Kaupthing fell into the clutches of the Gudmundsson brothers, Ágúst and Lydur, who made their fortunes building up the Bakkavor food manufacturing empire, which supplies hundreds of supermarkets in the UK. Their investment vehicle, Exista, owned 23pc of the bank, counting Robert Tchenguiz, the London property entrepreneur as a board member.

Kaupthing's loan book, which was leaked on to the internet last week, shows that around one third, or €6bn (£5.1bn), of its €16bn corporate loan book was going to a small elite of men connected to the bank's owners and management.

Several investigations into Kaupthing centre on share ramping, where the bank would allegedly give loans with no interest or security in order to buy shares in that same bank – boosting the share price.

One particularly murky incident revolves around the acquisition of a 5pc stake in Kaupthing by a company called QFinance linked to Mohammed bin Khalifa Al-Thani, the Sheikh of Qatar. Several weeks before the banks collapsed, a press release stated that the transaction showed that "Kaupthing's position is strong and we believe in the bank's strategy and management."

Only after the bank collapsed several weeks later did it emerge that the Qatari investor "bought" the stake using a loan from Kaupthing itself and a holding company associated with one of its employees. The bank appears, in effect, to have been purchasing its own shares, which does not seem to be uncommon; investigators are also looking at a similar purchase of a 2.5pc stake in Kaupthing by London-based property entrepreneurs Moises and Mendi Gertner.

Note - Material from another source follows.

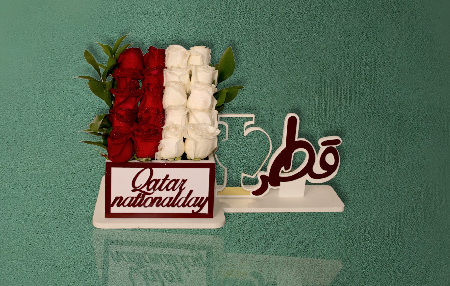 Box arrangement of roses, and ruscus.

Officials have also questioned why loans to senior Kaupthing employees to buy shares in the bank were allegedly written off days before the collapse.

Companies connected to Exista, the Gudmundsson brothers' opaque investment vehicle that owned their stake in Kaupthing, received €1.86bn in loans. Their close business associate, Mr Tchenguiz, appears to have personally borrowed €1.74bn in loans to fund his private investments - from stakes in Sainsburys to Mitchells & Butlers. Mr Tchenguiz is now being sued by Kaupthing's administration committee for the return of £643m.

Kevin Stanford, co-founder of the Karen Millen retail chain and one of Britain's wealthiest retailers, also got €519m in loans and was Kaupthing's fourth biggest shareholder. His company's purchase of credit default swaps in the bank is also under scrutiny, though there is no suggestion of wrongdoing his or his companies' part.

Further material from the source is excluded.